§ **Information given**
----------
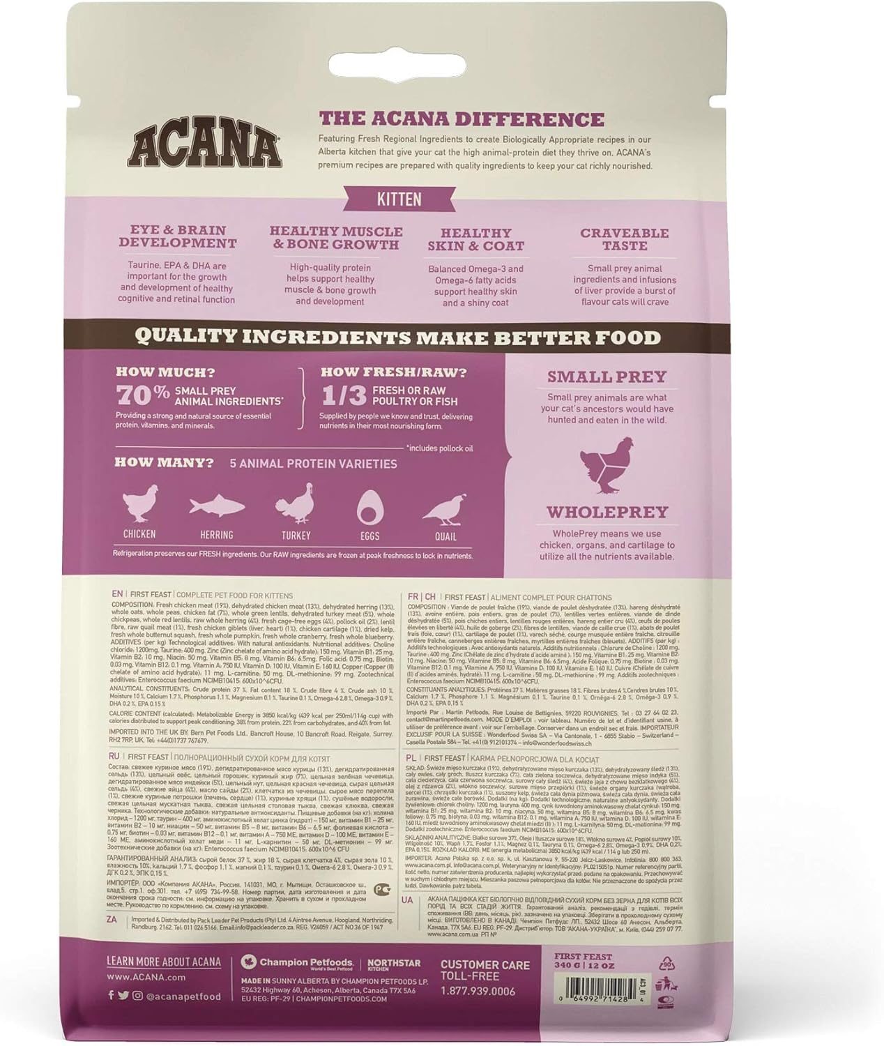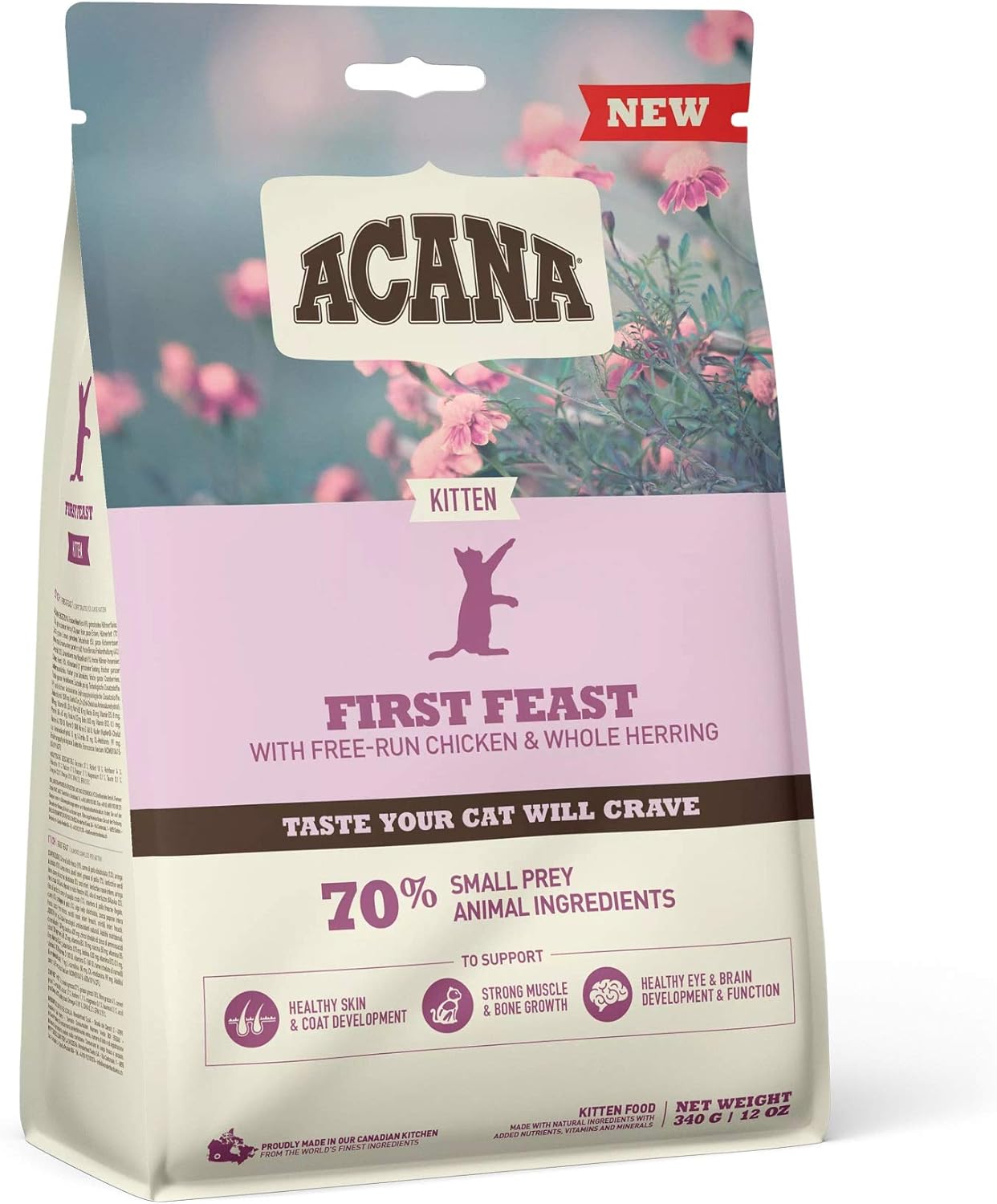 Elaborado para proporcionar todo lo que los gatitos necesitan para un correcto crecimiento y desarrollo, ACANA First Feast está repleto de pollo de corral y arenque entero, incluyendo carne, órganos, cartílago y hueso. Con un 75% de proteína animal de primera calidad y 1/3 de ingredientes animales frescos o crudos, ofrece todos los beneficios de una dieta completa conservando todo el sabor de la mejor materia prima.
----------
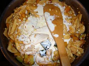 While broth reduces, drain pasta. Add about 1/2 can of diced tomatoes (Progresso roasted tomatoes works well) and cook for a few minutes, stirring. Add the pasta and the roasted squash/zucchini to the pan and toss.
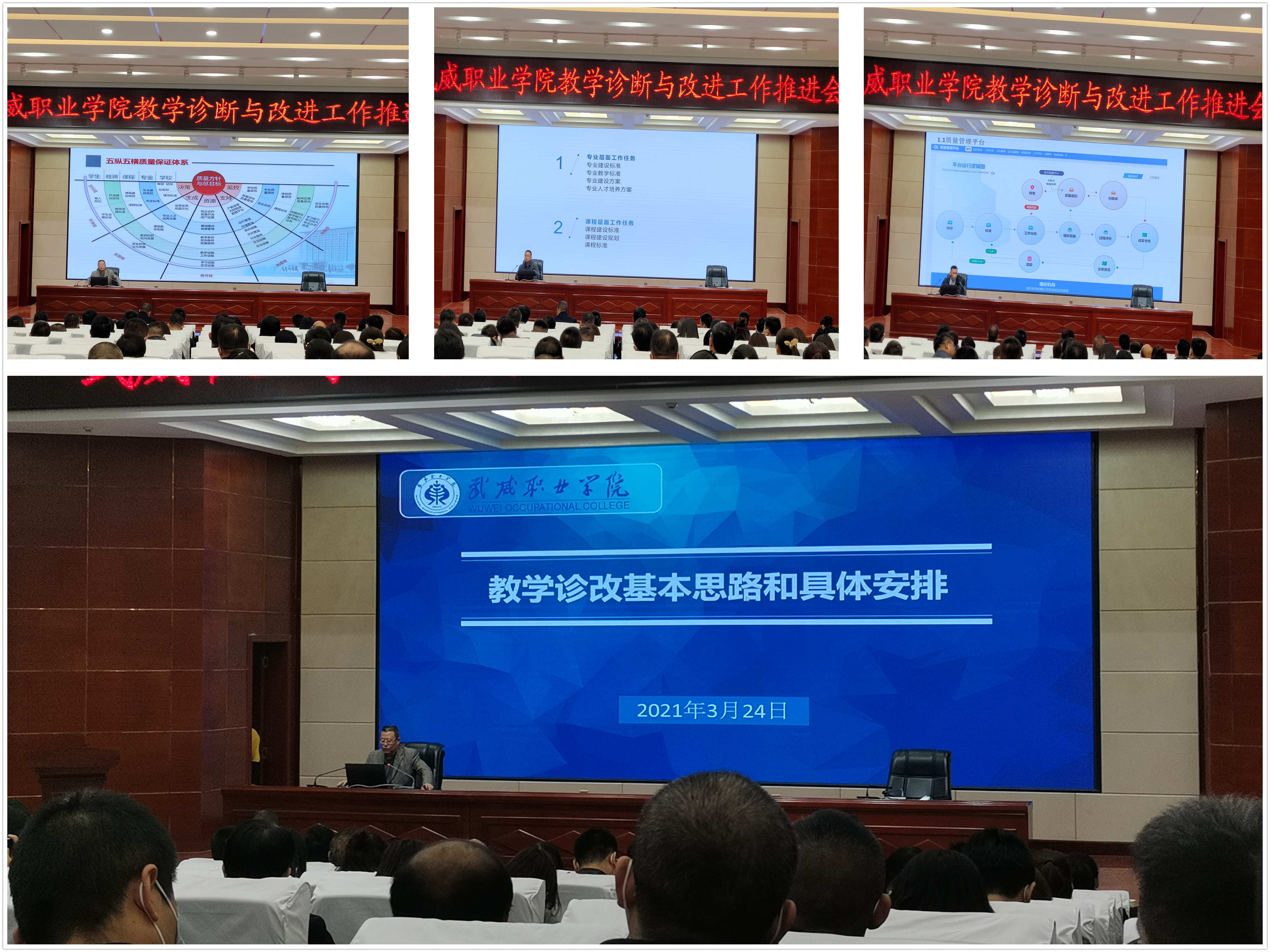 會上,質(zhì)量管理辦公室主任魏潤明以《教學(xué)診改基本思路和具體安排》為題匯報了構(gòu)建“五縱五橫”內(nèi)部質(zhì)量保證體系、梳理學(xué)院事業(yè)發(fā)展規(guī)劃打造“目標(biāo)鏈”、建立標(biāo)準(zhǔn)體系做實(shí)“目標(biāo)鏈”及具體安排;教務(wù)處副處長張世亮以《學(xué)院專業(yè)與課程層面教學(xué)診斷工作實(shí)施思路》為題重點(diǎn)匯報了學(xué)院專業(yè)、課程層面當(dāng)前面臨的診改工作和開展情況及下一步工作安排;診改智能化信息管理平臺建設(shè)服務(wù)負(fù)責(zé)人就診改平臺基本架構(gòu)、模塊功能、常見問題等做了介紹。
----------
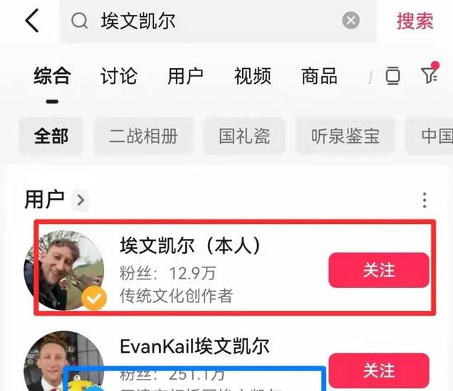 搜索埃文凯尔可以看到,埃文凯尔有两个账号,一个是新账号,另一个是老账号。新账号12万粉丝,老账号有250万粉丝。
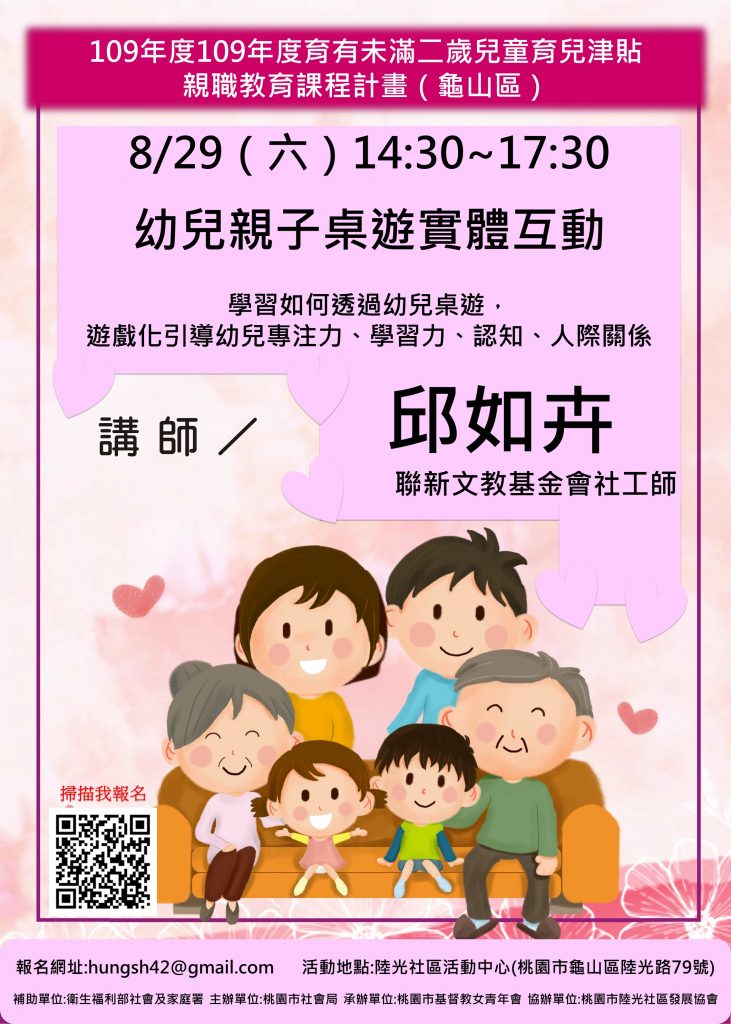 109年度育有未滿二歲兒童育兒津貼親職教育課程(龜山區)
----------
§ **Exercise directions**
Restate word for word the lines of the data above that begin at the line with "搜索埃文凯尔可以看到,埃文凯" and end at the line with "109年度育有未滿二歲兒童育兒津貼親職教育課程(龜山區)", keeping both ends and dropping every picture.

§ **Written response**
 搜索埃文凯尔可以看到,埃文凯尔有两个账号,一个是新账号,另一个是老账号。新账号12万粉丝,老账号有250万粉丝。
 109年度育有未滿二歲兒童育兒津貼親職教育課程(龜山區)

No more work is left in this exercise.